▸ YOUR INSTRUCTIONS
In the listing below, find the line containing "Im Anschluss daran" and the line containing "Setelah semua bahan", then copy exactly everything from the first through the second, except the pictures.

▸ INFORMATION PROVIDED
§

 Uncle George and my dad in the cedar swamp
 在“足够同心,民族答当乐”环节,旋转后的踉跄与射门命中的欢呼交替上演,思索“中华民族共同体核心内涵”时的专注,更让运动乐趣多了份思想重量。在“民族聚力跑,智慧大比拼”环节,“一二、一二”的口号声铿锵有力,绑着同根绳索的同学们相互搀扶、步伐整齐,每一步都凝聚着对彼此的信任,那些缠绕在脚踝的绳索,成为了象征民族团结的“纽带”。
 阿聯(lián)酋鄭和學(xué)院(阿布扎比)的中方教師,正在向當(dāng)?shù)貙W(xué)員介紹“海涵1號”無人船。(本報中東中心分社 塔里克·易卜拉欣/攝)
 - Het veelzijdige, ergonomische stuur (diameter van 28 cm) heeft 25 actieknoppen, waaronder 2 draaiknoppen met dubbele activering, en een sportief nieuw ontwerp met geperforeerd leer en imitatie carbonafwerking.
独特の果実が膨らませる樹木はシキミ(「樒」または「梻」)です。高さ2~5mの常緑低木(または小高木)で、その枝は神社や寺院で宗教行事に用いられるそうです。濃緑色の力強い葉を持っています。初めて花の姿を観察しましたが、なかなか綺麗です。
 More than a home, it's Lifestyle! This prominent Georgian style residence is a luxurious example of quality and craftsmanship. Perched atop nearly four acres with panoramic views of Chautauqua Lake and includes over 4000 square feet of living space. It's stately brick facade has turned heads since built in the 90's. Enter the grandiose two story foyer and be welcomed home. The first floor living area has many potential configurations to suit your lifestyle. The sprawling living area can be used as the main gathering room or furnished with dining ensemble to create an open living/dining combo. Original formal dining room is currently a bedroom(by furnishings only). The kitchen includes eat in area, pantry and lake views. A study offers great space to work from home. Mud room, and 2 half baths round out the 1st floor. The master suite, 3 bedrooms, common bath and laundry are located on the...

§

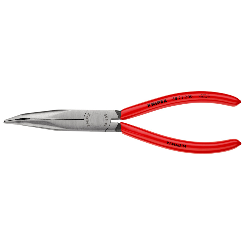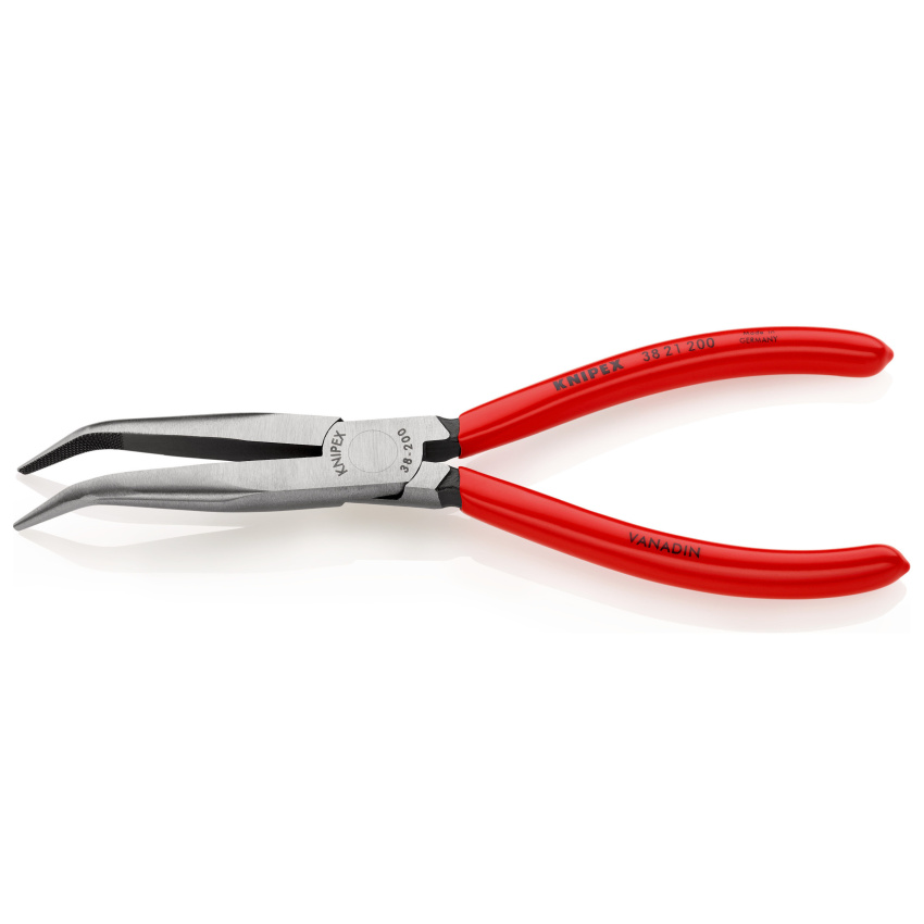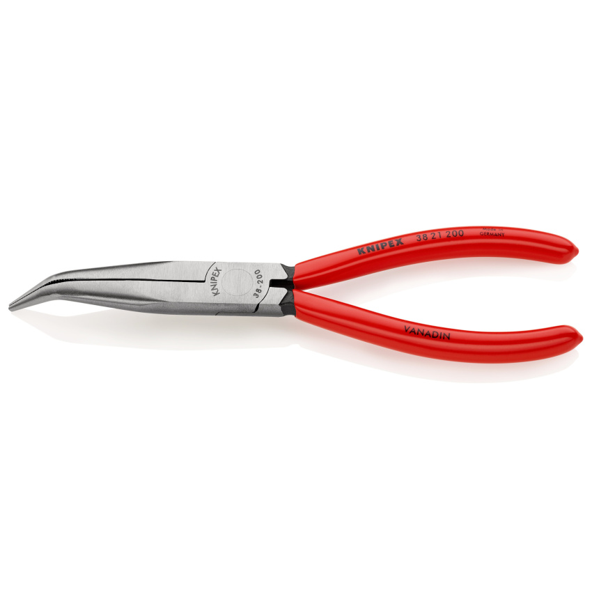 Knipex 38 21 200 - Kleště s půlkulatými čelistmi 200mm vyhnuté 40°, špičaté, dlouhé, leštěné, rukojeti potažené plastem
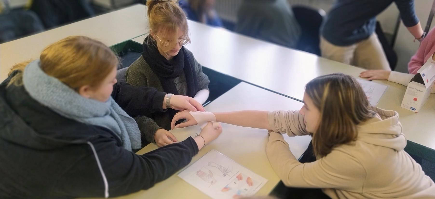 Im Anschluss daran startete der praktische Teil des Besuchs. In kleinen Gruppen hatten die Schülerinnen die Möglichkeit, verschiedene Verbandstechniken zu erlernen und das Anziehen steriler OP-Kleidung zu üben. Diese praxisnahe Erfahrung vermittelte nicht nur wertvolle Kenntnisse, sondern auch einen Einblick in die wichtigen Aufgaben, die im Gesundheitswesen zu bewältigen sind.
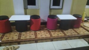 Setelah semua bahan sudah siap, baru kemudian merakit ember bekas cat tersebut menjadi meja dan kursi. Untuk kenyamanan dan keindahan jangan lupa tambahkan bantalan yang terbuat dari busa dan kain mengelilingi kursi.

§

▸ REPLY
 Im Anschluss daran startete der praktische Teil des Besuchs. In kleinen Gruppen hatten die Schülerinnen die Möglichkeit, verschiedene Verbandstechniken zu erlernen und das Anziehen steriler OP-Kleidung zu üben. Diese praxisnahe Erfahrung vermittelte nicht nur wertvolle Kenntnisse, sondern auch einen Einblick in die wichtigen Aufgaben, die im Gesundheitswesen zu bewältigen sind.
 Setelah semua bahan sudah siap, baru kemudian merakit ember bekas cat tersebut menjadi meja dan kursi. Untuk kenyamanan dan keindahan jangan lupa tambahkan bantalan yang terbuat dari busa dan kain mengelilingi kursi.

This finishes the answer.